(Items from a data source)
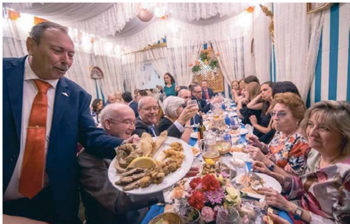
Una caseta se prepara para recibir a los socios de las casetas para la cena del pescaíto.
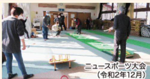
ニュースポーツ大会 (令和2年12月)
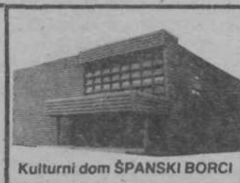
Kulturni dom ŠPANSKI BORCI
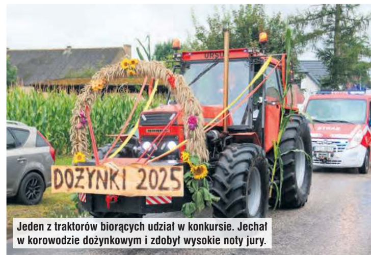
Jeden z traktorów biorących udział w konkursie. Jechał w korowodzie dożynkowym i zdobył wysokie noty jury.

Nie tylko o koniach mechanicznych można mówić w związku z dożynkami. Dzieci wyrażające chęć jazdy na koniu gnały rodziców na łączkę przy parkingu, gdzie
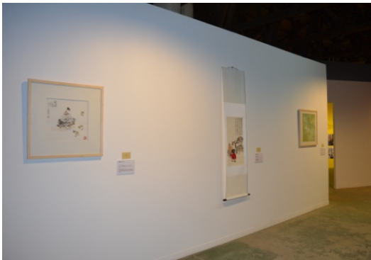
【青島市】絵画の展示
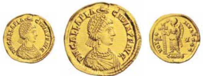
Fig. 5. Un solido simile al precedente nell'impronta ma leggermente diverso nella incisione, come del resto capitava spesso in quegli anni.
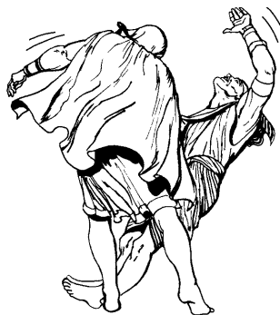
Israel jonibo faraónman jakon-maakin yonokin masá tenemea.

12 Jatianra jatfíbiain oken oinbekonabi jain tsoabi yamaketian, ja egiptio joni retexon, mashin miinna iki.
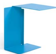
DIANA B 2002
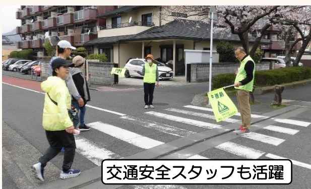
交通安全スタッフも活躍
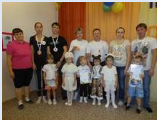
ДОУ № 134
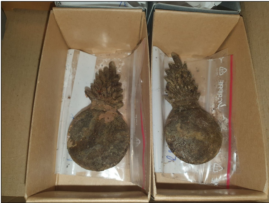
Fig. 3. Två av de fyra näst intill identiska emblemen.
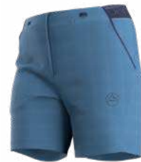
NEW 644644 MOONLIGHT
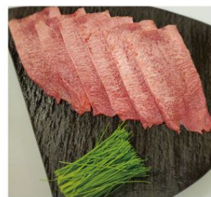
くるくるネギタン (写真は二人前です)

--

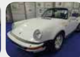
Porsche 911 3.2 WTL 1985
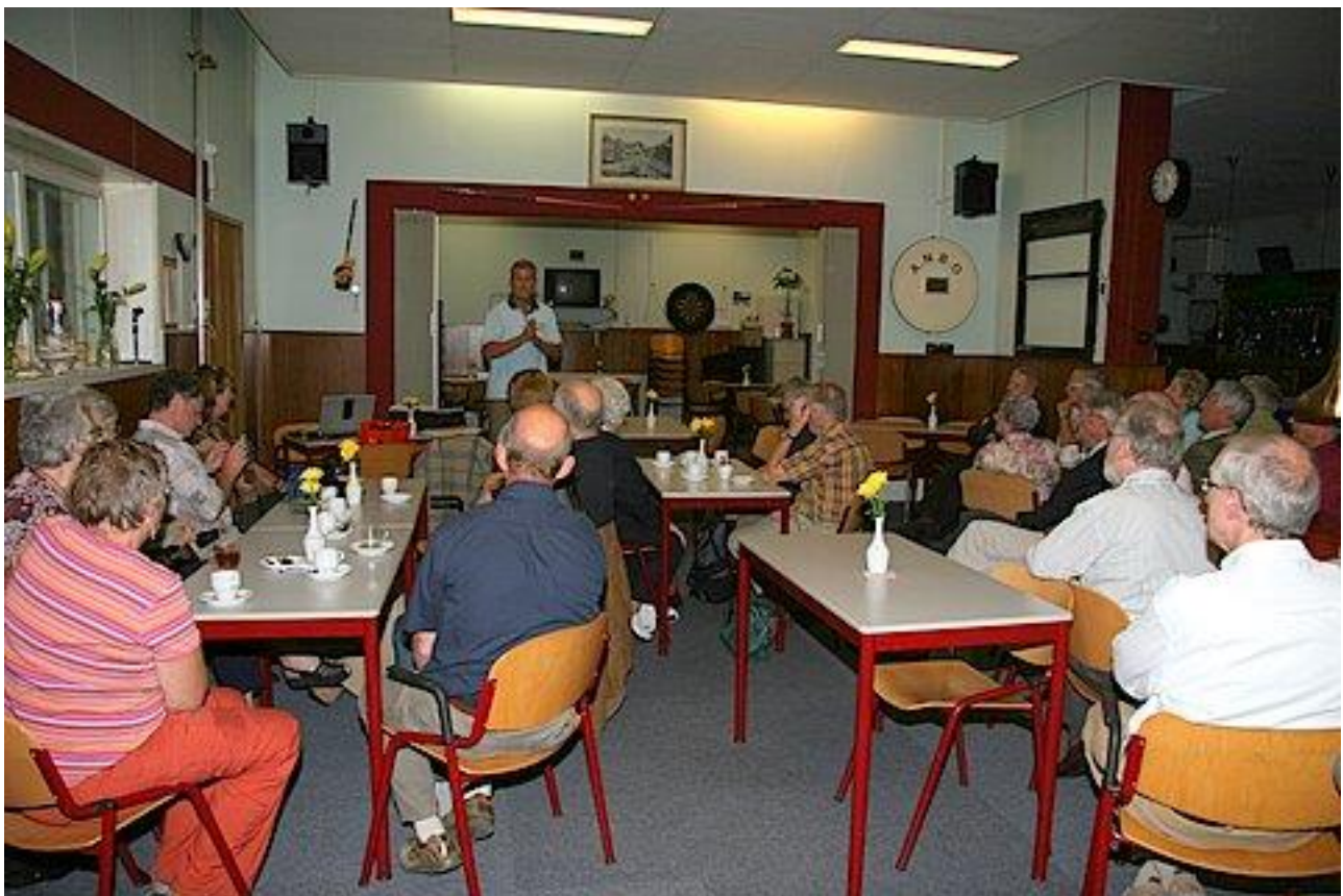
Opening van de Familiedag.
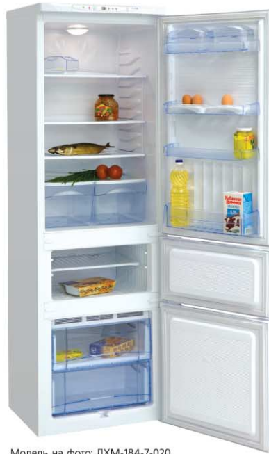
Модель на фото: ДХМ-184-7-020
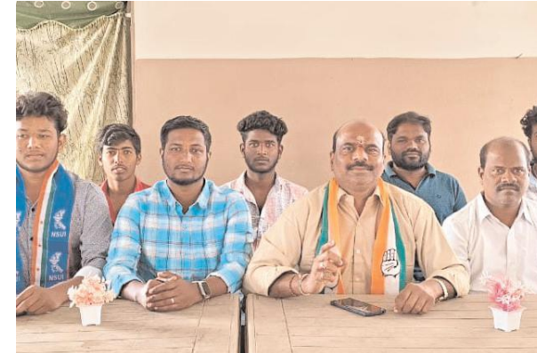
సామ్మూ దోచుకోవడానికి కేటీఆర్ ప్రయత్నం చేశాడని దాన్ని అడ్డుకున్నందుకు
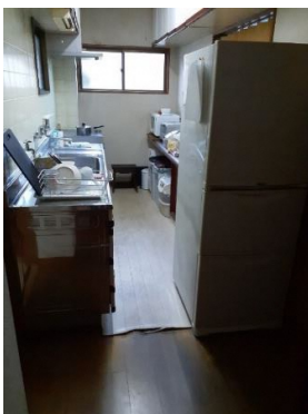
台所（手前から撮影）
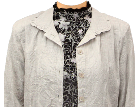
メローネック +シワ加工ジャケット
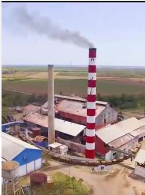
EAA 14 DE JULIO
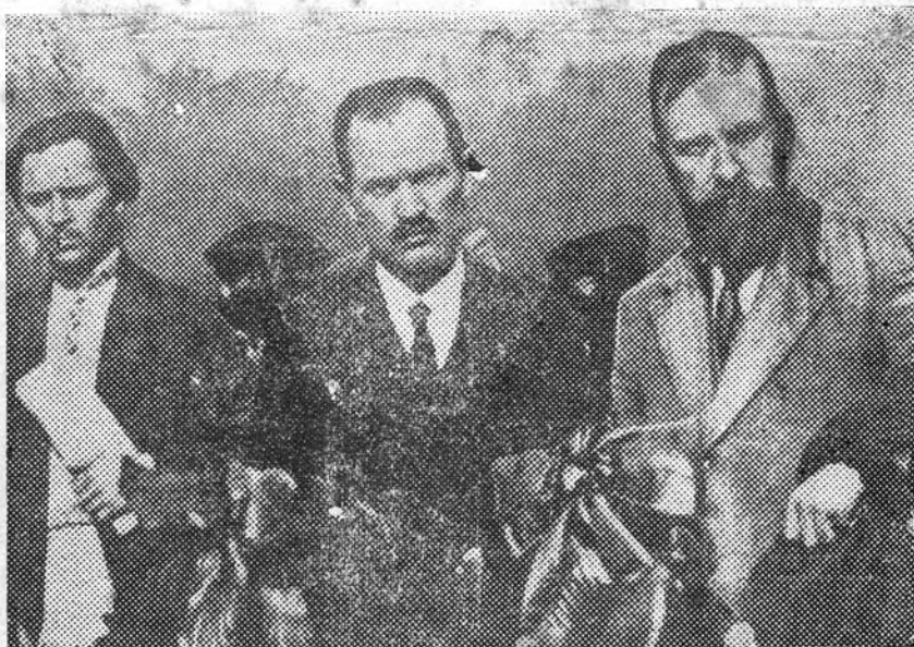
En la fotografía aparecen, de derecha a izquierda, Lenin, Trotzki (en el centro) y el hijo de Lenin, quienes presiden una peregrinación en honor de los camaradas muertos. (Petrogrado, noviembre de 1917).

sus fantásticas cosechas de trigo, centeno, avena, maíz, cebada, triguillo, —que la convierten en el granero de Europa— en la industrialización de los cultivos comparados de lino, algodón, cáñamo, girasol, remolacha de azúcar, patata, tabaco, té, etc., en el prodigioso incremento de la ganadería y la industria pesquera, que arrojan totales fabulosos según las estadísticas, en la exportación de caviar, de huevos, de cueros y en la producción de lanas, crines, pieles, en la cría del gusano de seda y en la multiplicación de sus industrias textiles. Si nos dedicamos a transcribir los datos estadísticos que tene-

▶ TASK DETAILS
For the entries above, print exactly the lines between the one with "Israel jonibo faraónman" and the one with "くるくるネギタン (写真は二人前です)", inclusive, with no pictures.

▶ ANSWER SPACE
Israel jonibo faraónman jakon-maakin yonokin masá tenemea.

12 Jatianra jatfíbiain oken oinbekonabi jain tsoabi yamaketian, ja egiptio joni retexon, mashin miinna iki.
DIANA B 2002
交通安全スタッフも活躍
ДОУ № 134
Fig. 3. Två av de fyra näst intill identiska emblemen.
NEW 644644 MOONLIGHT
くるくるネギタン (写真は二人前です)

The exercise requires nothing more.